| YOUR GOAL |
With the exception of the pictures, write out the data below precisely.

| DATA SHOWN |
• • • • •
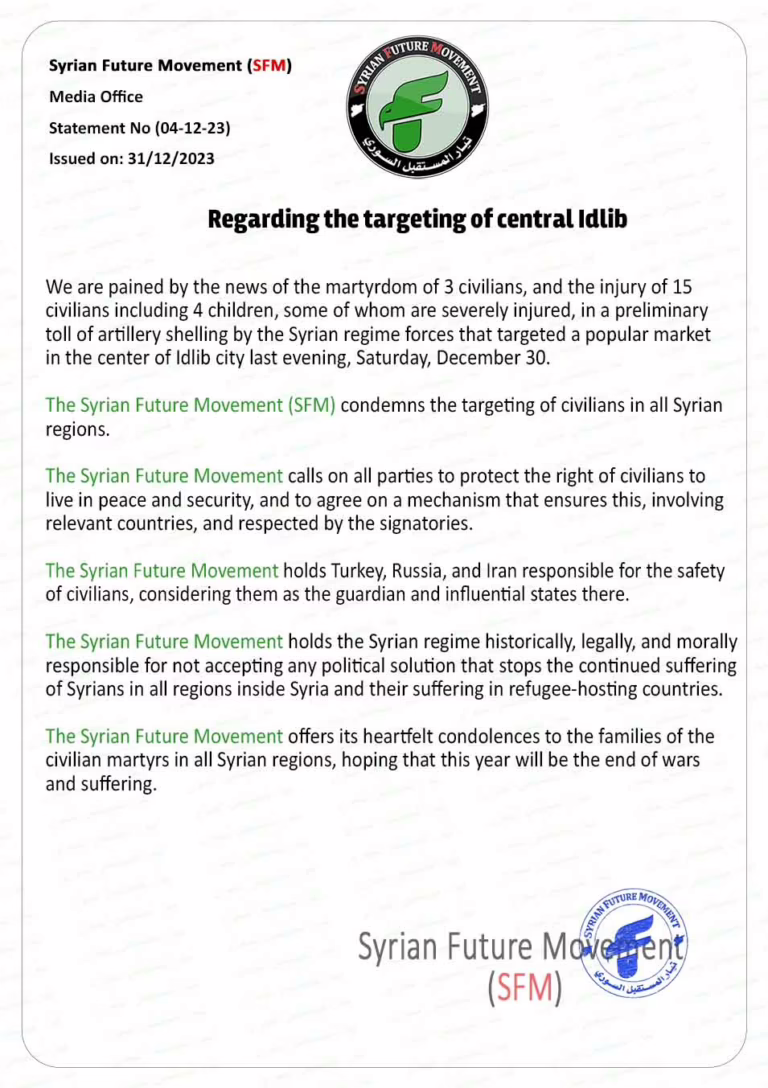 Following the targeting of central Idlib, the Syrian Future Movement condemns the attacks on civilians and calls for their protection.
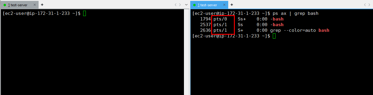 AWS로 서버 생성하여 확인해보니 해당 서버는 pts/0 단말을 사용 중이었음
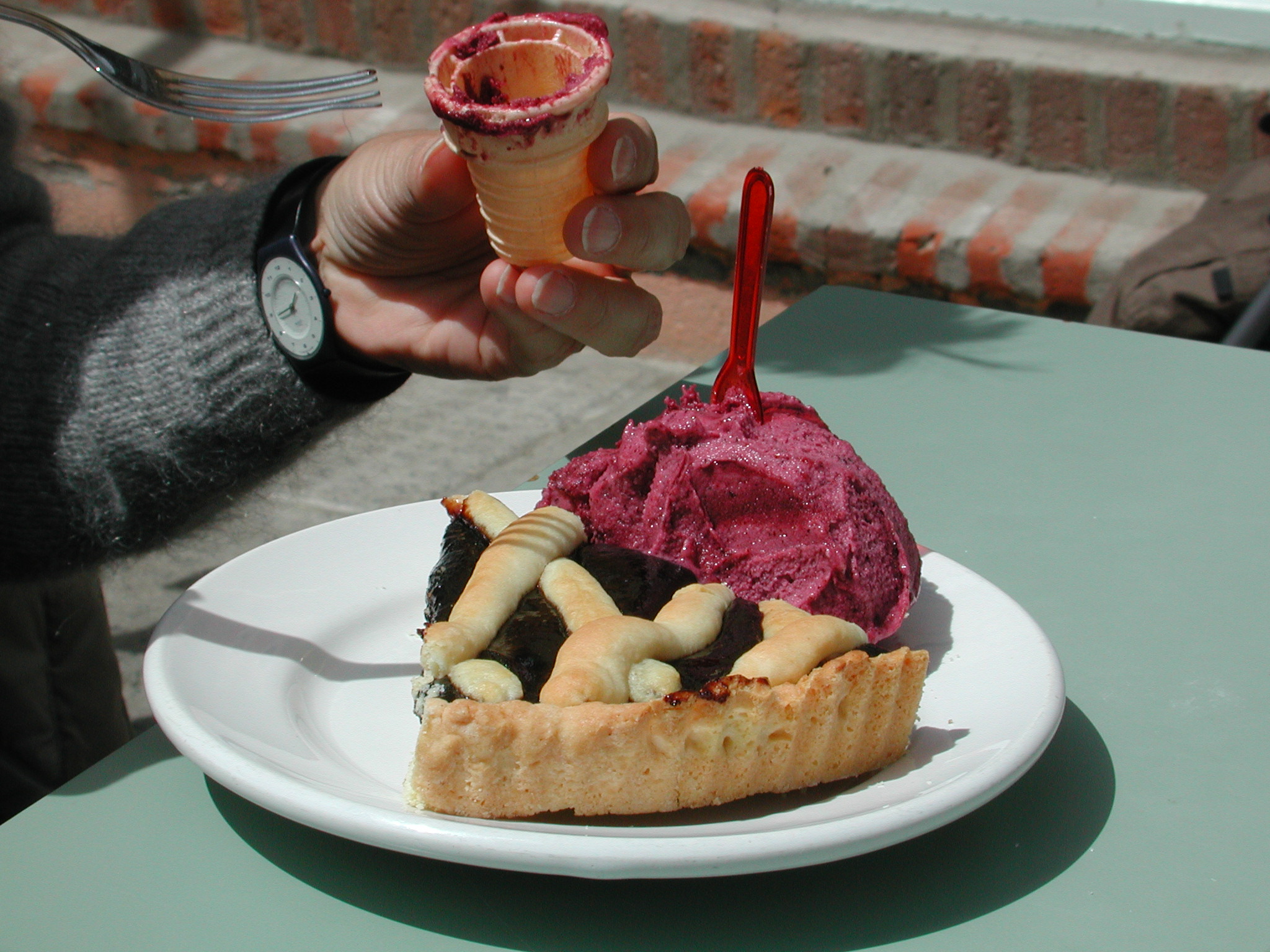 Pranzo a base solo di calafate: torta della nonna con marmellata di calafate e gelato di calafate. Buonissimi anche se dolci.
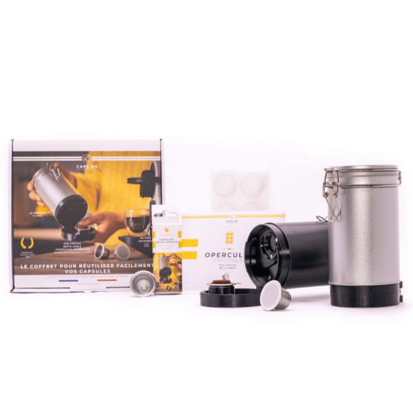 Ne cherchez pas plus loin que le coffret Caps Me ! Cette boîte innovante contient un récipient hermétique pour conserver votre café moulu préféré , trois capsules en acier inoxydable réutilisable à l’infini, que vous pouvez utiliser encore et encore. Avec la boîte Caps Me, vous pouvez facilement préparer un délicieux café fraîchement infusé chez vous en un rien de temps. Présentation d’une nouvelle façon révolutionnaire de faire du café, dîtes adieu aux opercules en aluminium et bonjour aux opercules en amidon durables, compostables et biodégradables. La box vous permet de préparer et de déguster une tasse de café fraîchement infusé en seulement 15 secondes.
• • • • •
| SOLUTION |
 Following the targeting of central Idlib, the Syrian Future Movement condemns the attacks on civilians and calls for their protection.
 AWS로 서버 생성하여 확인해보니 해당 서버는 pts/0 단말을 사용 중이었음
 Pranzo a base solo di calafate: torta della nonna con marmellata di calafate e gelato di calafate. Buonissimi anche se dolci.
 Ne cherchez pas plus loin que le coffret Caps Me ! Cette boîte innovante contient un récipient hermétique pour conserver votre café moulu préféré , trois capsules en acier inoxydable réutilisable à l’infini, que vous pouvez utiliser encore et encore. Avec la boîte Caps Me, vous pouvez facilement préparer un délicieux café fraîchement infusé chez vous en un rien de temps. Présentation d’une nouvelle façon révolutionnaire de faire du café, dîtes adieu aux opercules en aluminium et bonjour aux opercules en amidon durables, compostables et biodégradables. La box vous permet de préparer et de déguster une tasse de café fraîchement infusé en seulement 15 secondes.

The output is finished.